If we look at ecommerce, for example, refunds are a challenge: the merchant has to build and maintain additional infrastructure to provide this functionality to their users.
To reduce the burden on our customers, we built PayDirect — a new payment product that combines open banking with the fastest payment rails in the UK and Europe.
You can read more about the different use cases that PayDirect supports in our launch article — in this blog post we will instead take a look behind the scenes and delve deeper into the technology that powers our new product.
Closing the loop
How does PayDirect work? When a merchant onboards to PayDirect, we provision an e-money wallet for each of the currencies we support. Each wallet has an IBAN and can receive funds over all the payment rails supported for that currency.
Let’s look, for example, at the UK. Here, a merchant can:
collect funds from their end users via open banking payments
issue refunds or withdraw from their wallet programmatically with an instant payout using Faster Payments
Having a direct integration with Faster Payments in the UK brings additional benefits: for an incoming open banking top up for example, we can confirm the account owner name — a key aspect of fulfilling anti-money laundering requirements in various industries.
It might not look like much is changing — Faster Payments is just another payment method, isn’t it?
Well, it actually is a seismic shift for us: we are holding funds on behalf of our customers.
With open banking payments we never “touch the money”: we act as an intermediary between our customers and banks, instructing the latter to perform actions on behalf of end users.
Managing funds is a different game.

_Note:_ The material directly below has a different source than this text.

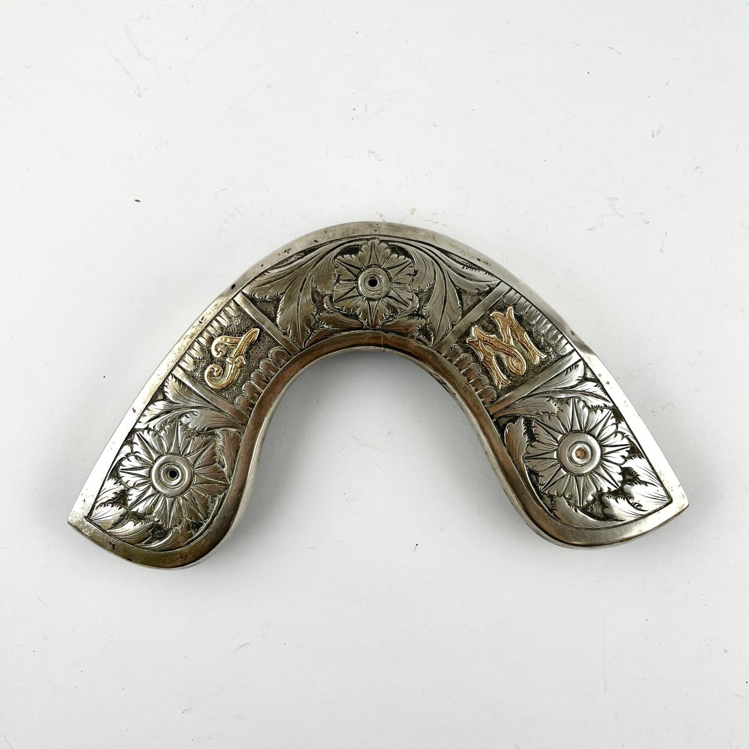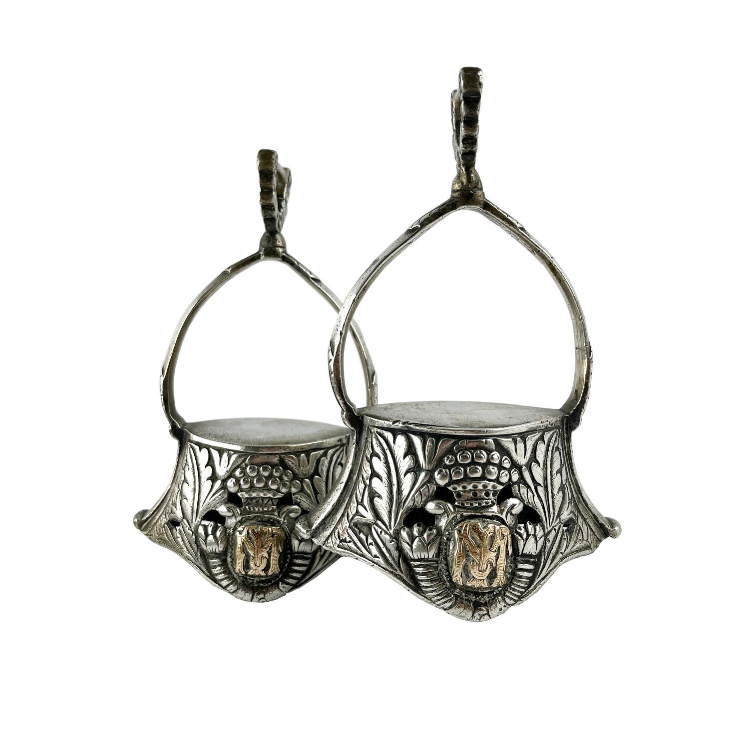 Conjunto de cabezada de recado tipo lomillo y par de estribos riograndenses en plata cincelada “hojas, flores y cuernos de la abundancia”, con iniciales “F.M.” en oro.

From an engineering perspective, the bar for the new system has to be much higher.
Correctness, auditability and resiliency were our top concerns, while at the same time aiming to get to market in a reasonable time frame.
The rest of the post will delve deeper into how each of those requirements shaped the final system.
Access to the rail
Let’s start from the integration with the payment rail — what does it look like?
We chose to integrate via a clearing house partner (indirect agency).
They take care of the collateral and settlement requirements with the Bank of England and we deal with their REST API instead of the underlying Faster Payments messages.
Our partner’s system is built around two key concepts: safeguarding accounts and virtual accounts.
Safeguarding accounts hold our customers’ funds — they are completely segregated from TrueLayer’s own funds. You can think of a safeguarding account as a conventional current bank account: it has an IBAN, a balance and a transaction history.
Virtual accounts, instead, are multiplexed over an underlying safeguarding account.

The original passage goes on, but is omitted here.